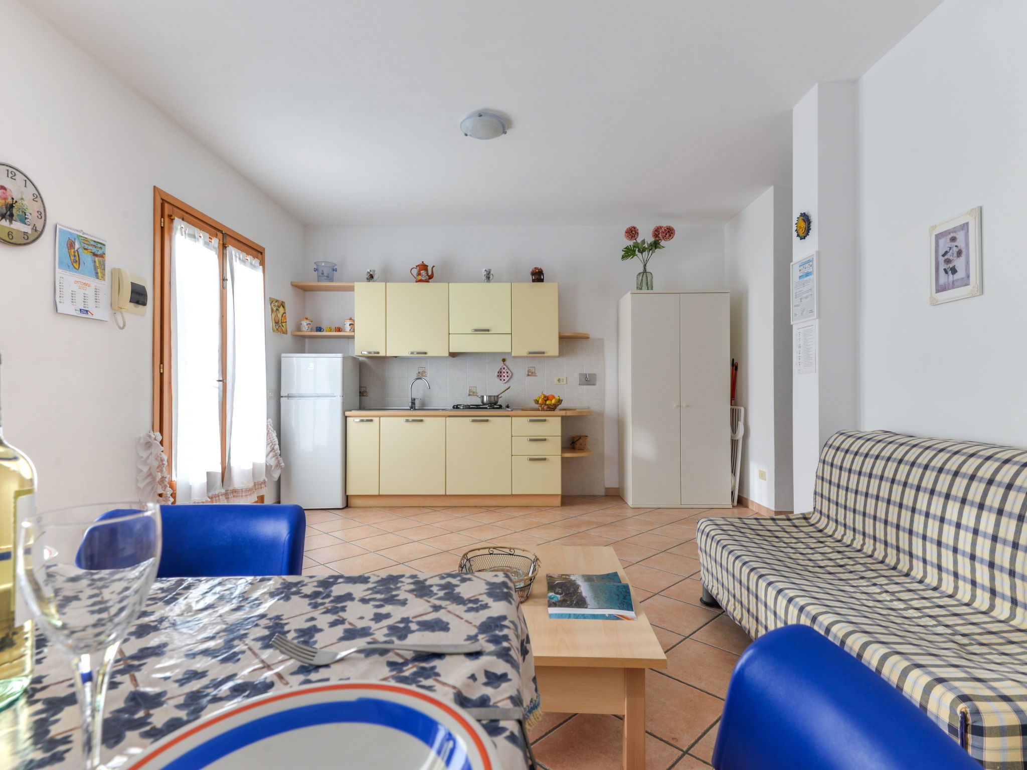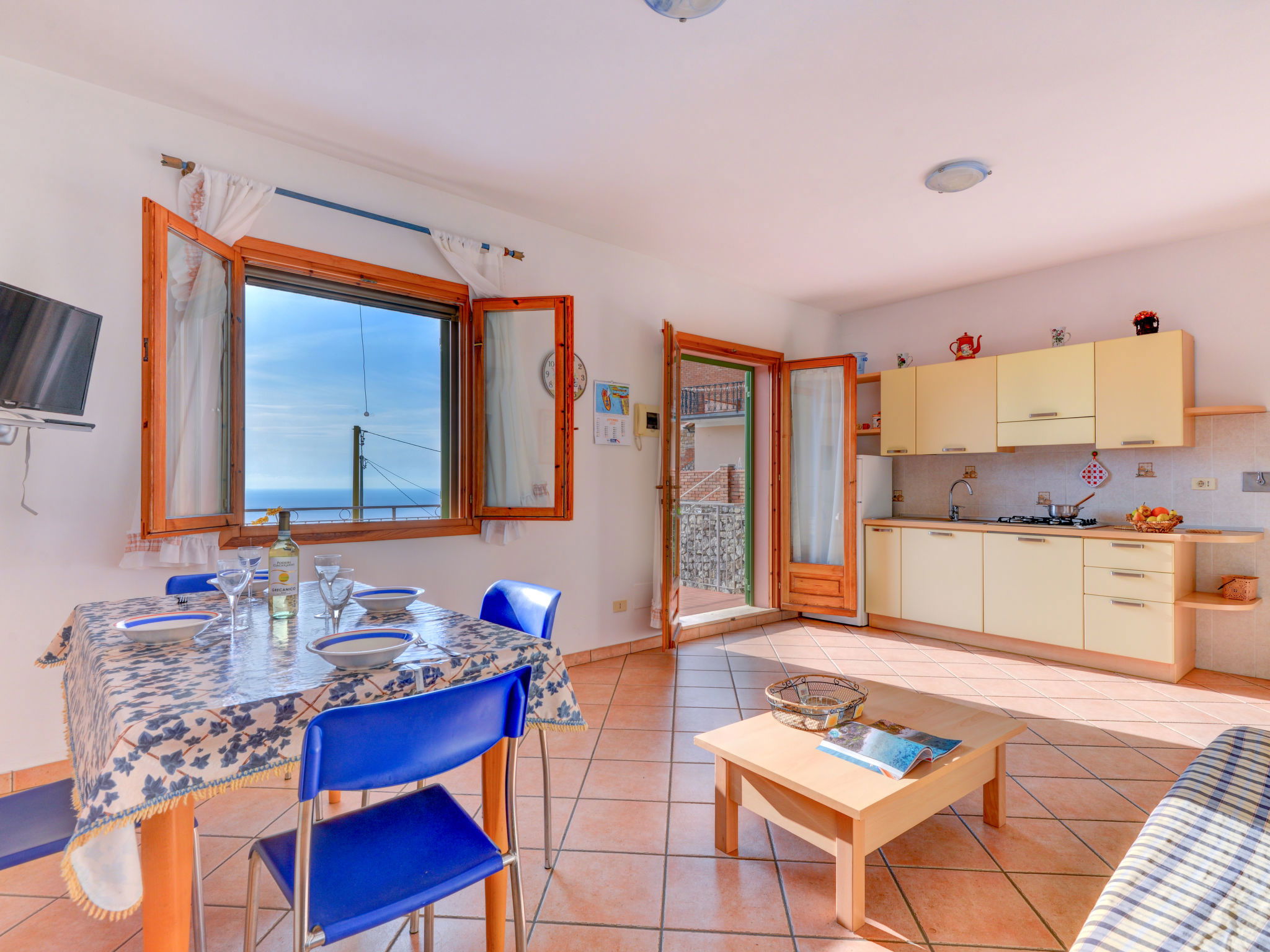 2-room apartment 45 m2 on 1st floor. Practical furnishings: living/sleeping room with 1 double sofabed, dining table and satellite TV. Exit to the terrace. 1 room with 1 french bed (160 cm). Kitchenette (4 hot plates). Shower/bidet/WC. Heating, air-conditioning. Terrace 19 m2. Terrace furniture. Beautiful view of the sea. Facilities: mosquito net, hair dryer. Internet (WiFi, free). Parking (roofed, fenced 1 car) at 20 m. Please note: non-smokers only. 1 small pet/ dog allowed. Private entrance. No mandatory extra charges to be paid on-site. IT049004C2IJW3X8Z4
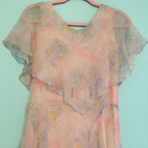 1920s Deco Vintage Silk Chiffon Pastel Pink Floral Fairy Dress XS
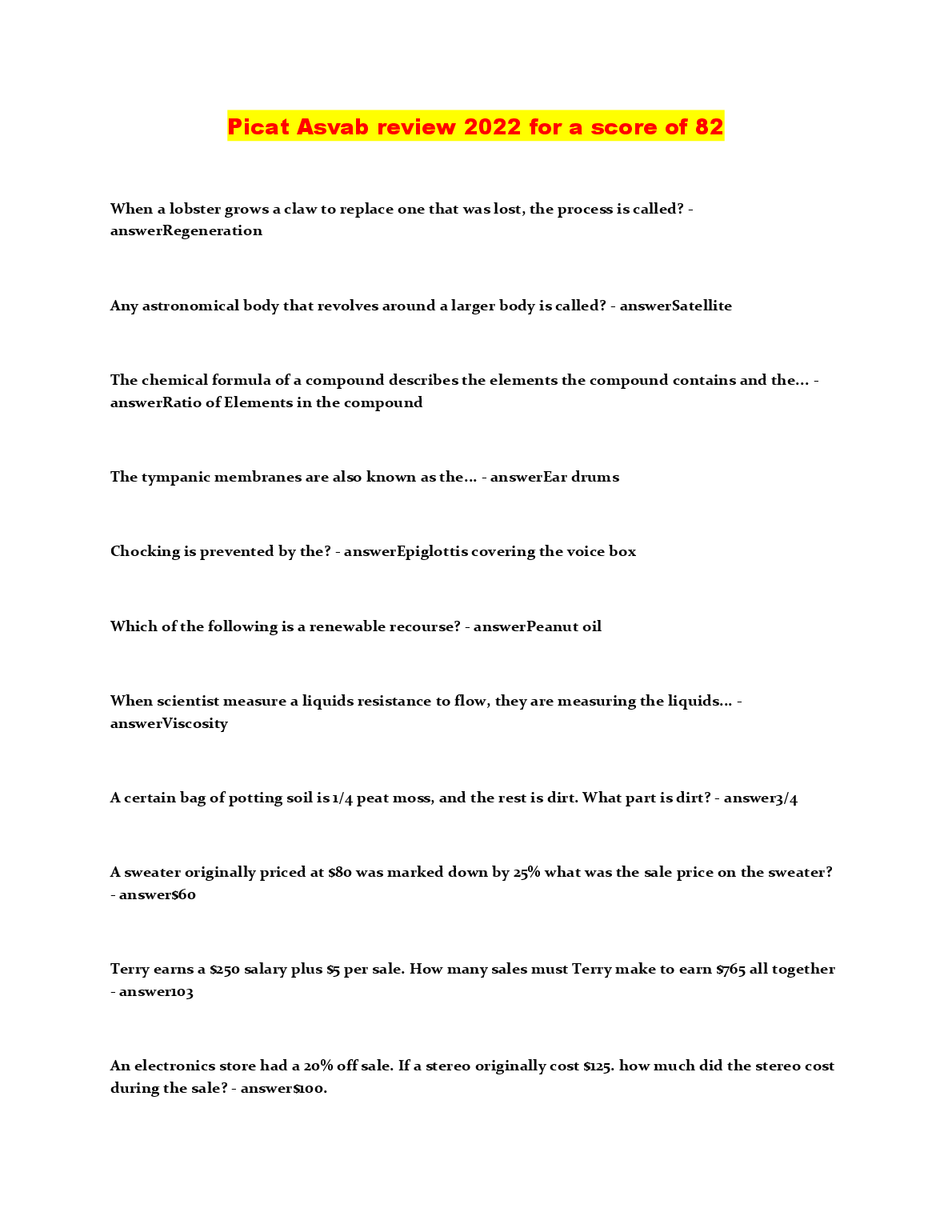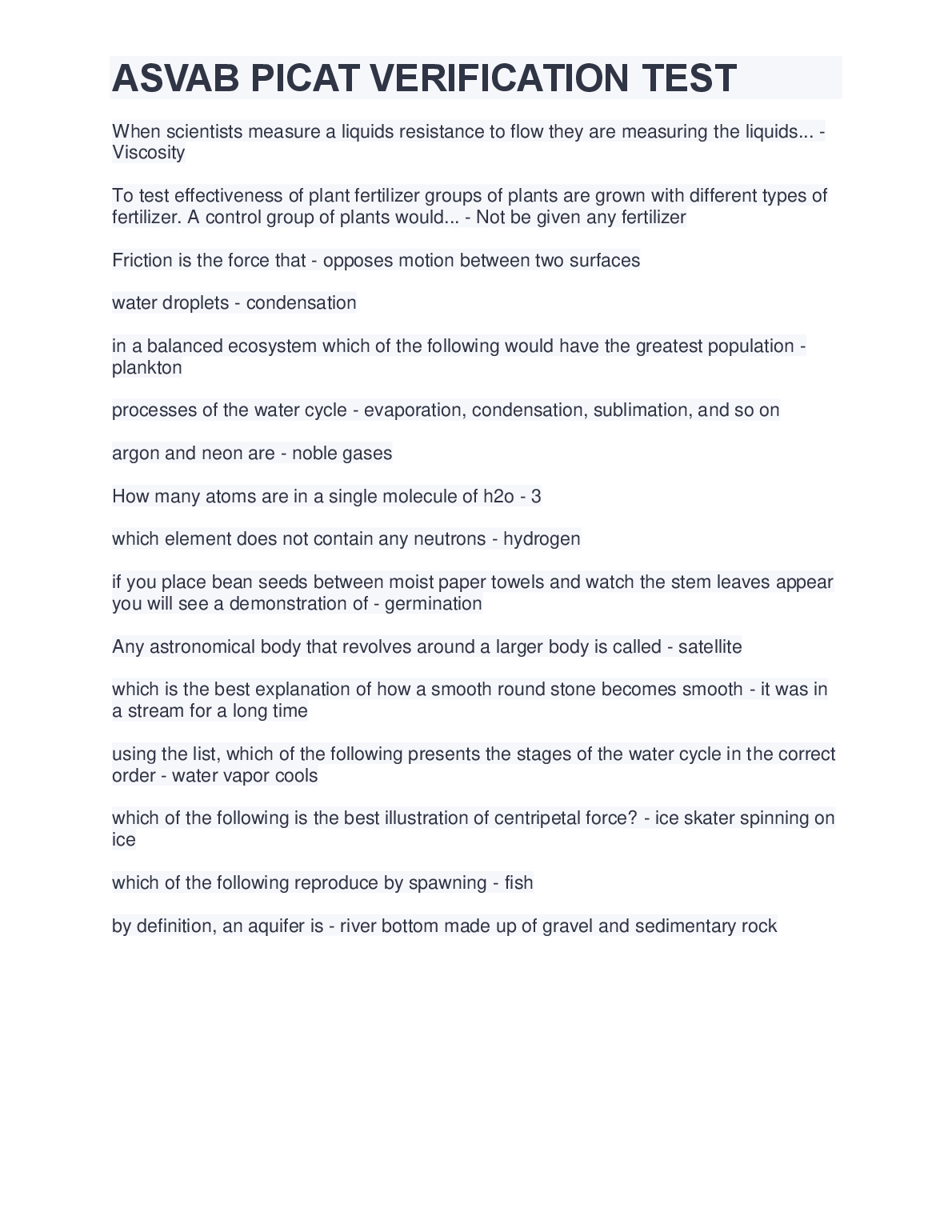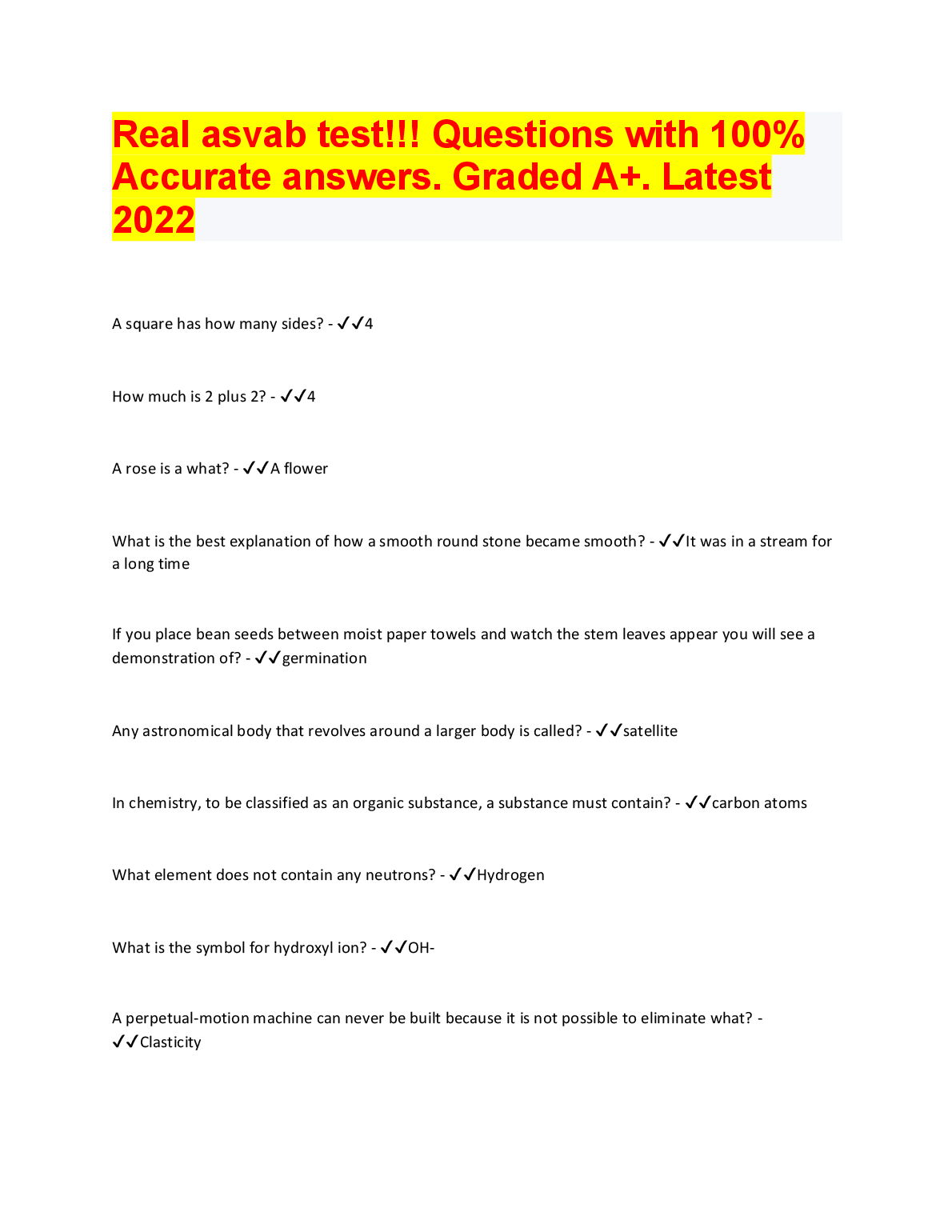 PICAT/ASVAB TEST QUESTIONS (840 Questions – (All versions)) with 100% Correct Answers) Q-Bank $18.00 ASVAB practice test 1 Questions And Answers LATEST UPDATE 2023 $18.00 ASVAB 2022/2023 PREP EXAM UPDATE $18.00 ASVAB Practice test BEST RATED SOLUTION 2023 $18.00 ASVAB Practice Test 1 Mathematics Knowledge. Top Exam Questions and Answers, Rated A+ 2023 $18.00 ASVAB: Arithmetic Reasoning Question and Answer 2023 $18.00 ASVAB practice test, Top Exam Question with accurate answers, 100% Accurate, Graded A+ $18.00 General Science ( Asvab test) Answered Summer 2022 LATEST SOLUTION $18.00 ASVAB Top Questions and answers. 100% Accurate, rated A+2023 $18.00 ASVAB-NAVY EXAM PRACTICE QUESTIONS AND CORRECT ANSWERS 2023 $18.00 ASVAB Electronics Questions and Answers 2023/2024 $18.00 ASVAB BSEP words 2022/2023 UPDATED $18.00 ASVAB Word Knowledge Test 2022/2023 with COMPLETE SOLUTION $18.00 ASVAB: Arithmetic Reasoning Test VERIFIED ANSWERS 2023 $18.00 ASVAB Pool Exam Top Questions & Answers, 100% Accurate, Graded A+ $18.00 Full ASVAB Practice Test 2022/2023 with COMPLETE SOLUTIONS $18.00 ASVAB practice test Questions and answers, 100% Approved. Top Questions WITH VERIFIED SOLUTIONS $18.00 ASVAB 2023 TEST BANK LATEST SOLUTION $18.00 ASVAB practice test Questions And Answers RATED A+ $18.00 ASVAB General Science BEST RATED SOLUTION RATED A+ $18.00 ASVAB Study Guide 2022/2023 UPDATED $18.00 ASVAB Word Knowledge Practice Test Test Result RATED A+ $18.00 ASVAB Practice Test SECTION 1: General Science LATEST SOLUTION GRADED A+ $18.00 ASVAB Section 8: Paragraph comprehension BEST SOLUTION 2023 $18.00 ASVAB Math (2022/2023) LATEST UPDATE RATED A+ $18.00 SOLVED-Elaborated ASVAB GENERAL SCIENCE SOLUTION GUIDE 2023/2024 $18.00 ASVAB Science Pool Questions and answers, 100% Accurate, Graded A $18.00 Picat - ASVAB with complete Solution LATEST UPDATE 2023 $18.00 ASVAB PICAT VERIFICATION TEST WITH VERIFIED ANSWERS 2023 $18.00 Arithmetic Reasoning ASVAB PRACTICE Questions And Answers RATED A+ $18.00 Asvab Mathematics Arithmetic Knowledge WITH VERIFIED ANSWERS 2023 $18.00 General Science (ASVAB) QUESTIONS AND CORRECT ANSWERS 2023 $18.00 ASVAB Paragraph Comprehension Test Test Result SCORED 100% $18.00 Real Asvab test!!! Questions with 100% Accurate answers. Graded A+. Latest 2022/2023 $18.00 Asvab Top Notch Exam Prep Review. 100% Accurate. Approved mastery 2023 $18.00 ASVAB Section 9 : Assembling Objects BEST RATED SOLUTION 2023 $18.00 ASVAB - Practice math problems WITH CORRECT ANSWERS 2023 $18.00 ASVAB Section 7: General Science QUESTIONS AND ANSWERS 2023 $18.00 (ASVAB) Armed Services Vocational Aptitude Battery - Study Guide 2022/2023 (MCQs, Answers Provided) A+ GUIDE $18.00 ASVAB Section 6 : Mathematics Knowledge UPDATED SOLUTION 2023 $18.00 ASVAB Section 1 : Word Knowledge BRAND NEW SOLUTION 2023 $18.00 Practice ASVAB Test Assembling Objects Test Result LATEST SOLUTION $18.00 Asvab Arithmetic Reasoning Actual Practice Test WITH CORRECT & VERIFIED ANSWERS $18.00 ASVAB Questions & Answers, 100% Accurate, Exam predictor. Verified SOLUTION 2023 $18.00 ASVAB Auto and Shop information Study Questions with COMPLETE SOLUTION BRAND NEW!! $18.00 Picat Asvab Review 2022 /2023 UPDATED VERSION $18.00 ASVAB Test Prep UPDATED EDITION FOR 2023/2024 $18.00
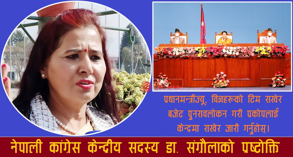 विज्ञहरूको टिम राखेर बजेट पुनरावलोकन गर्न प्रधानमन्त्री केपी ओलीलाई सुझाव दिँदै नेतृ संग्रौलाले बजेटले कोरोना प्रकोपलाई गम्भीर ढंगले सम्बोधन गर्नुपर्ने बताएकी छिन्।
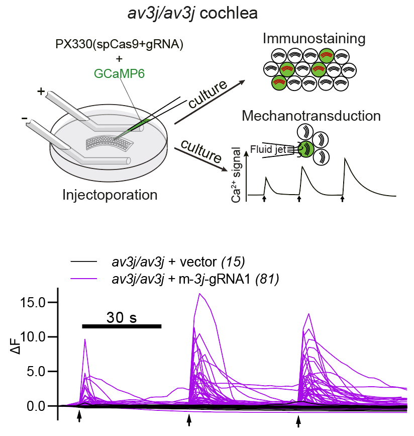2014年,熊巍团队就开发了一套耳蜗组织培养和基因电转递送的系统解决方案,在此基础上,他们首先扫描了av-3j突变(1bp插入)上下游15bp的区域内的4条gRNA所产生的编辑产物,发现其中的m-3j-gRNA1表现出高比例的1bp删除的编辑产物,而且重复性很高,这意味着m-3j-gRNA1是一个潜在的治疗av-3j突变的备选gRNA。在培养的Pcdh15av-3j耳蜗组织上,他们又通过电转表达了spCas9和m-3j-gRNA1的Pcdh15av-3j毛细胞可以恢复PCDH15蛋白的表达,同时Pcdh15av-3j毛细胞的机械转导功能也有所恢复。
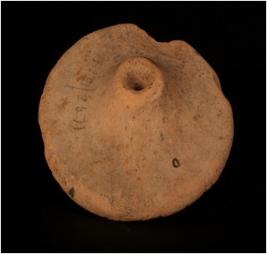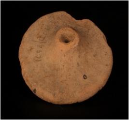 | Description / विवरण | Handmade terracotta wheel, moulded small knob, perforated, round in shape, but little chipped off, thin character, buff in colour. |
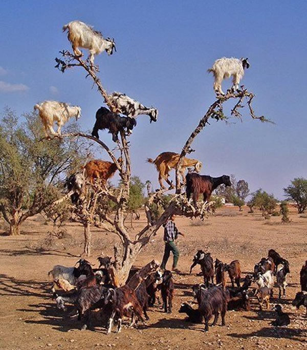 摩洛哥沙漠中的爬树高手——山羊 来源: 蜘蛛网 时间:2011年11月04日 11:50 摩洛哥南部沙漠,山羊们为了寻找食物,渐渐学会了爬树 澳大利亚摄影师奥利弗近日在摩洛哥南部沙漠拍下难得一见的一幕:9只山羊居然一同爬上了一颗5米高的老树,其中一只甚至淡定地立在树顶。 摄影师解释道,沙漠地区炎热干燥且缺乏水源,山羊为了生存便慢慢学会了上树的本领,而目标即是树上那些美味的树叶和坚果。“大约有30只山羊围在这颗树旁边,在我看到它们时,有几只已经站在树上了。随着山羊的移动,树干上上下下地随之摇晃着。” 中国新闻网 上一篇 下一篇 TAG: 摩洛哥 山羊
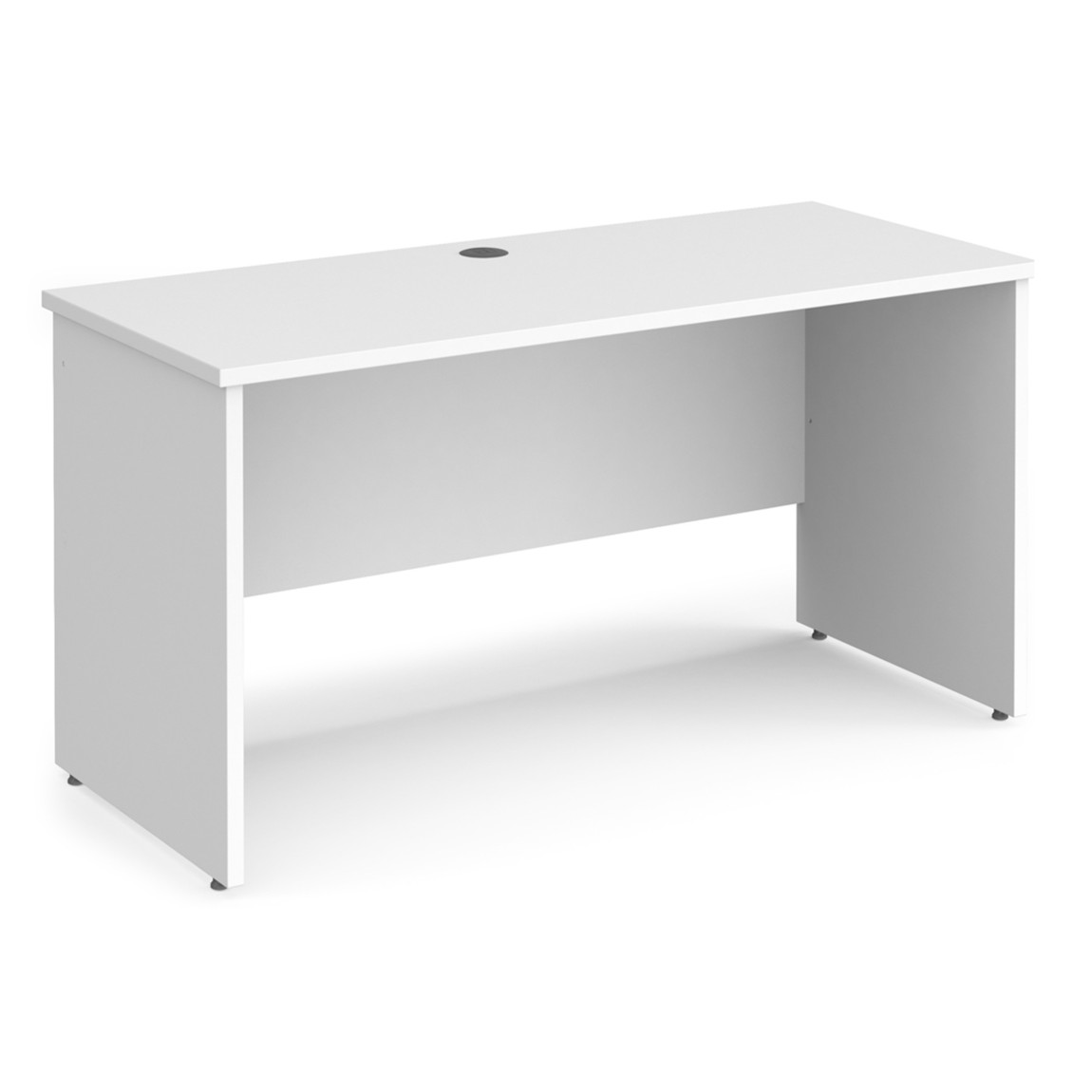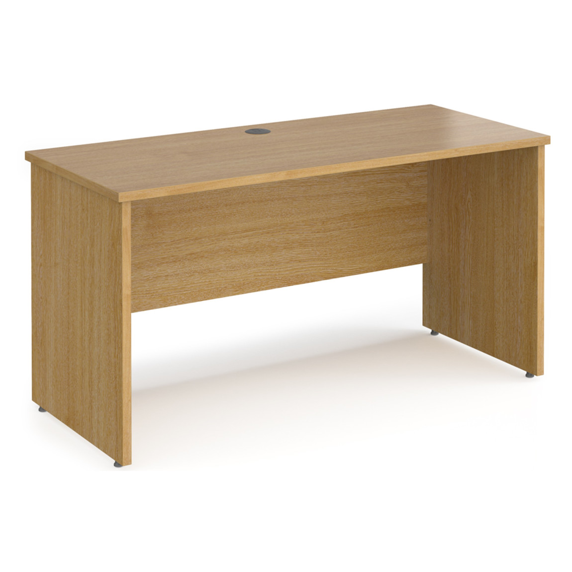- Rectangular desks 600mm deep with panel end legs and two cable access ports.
++++++++++
*The problem*. Only the lines from the one containing "摩洛哥沙漠中的爬树高手——山羊 来源: 蜘蛛网" through the last line of the entries above belong in the copy; reproduce them exactly and drop every picture.

*Output of the exercise*.
 摩洛哥沙漠中的爬树高手——山羊 来源: 蜘蛛网 时间:2011年11月04日 11:50 摩洛哥南部沙漠,山羊们为了寻找食物,渐渐学会了爬树 澳大利亚摄影师奥利弗近日在摩洛哥南部沙漠拍下难得一见的一幕:9只山羊居然一同爬上了一颗5米高的老树,其中一只甚至淡定地立在树顶。 摄影师解释道,沙漠地区炎热干燥且缺乏水源,山羊为了生存便慢慢学会了上树的本领,而目标即是树上那些美味的树叶和坚果。“大约有30只山羊围在这颗树旁边,在我看到它们时,有几只已经站在树上了。随着山羊的移动,树干上上下下地随之摇晃着。” 中国新闻网 上一篇 下一篇 TAG: 摩洛哥 山羊
- Rectangular desks 600mm deep with panel end legs and two cable access ports.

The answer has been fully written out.